Yes, that is right. I said it. Daniel Kahneman is a rock star. I recognize that the man in the photo above bears no resemblance to Mick Jagger or Axl Rose but I have to admit that if I saw him out in public I would elbow my girlfriend in the gut and giggle as though I had just spied Justin Bieber.
Daniel Kahneman is an academic powerhouse who has changed the world with his research and his writing. And I am not the only person who thinks so. In 2002, this psychologist won the Nobel prize for Economic Sciences. The prize was for the work he pioneered with Amos Tversky. Kahneman and Tversky helped us to understand that we are not always rationale thinkers – in fact, we are incredibly flawed decisions makers largely because of the short cuts our brain uses to make sense of the vast quantities of information that we are required to process at any given moment.
In my view, the coolest thing about Kahneman’s work is in the design of the studies he conducted in the 60s and 70s. As an example, he demonstrated that when people are asked to make an estimate when they are uncertain about the boundaries, they rely on anything in the environment on which to ‘anchor.’ He demonstrated this by asking people to estimate how many countries were in the United Nations and then spinning a roulette wheel in front of them. Their estimates were consistently closer to the number on the roulette wheel than to any other value. Wicked awesome Kahneman! This finding is the basis for my paper on anchoring in the performance evaluation process (see latham budworth yanar whyte.pdf).

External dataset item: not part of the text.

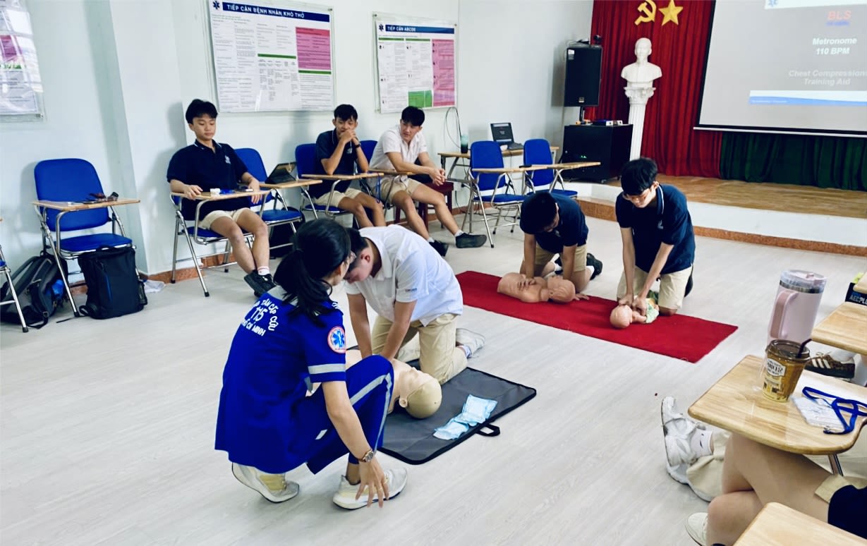 Sinh viên các trường đại học trải nghiệm tìm hiểu kỹ năng sơ cứu tại Trung tâm Cấp cứu 115.

Kahneman is in the news again because he released a new book, Thinking Fast and Slow. It is an excellent combination of his classic work with Tversky and his understanding of the new advances in the field of decision making. He describes two mental processes – the thinking that we do automatically and that which is deliberate. These are the fast and slow processes. In classic Kahneman story telling, he explains how we think and describes the errors that we are prone to make given our tendency to rely on our automatic processing. If you have the time, pick it up and read it – slowly and deliberately. If you don’t, check back in a couple weeks and I will provide the Cole’s notes version – and perhaps some inspiration that it has given me for a new piece of research.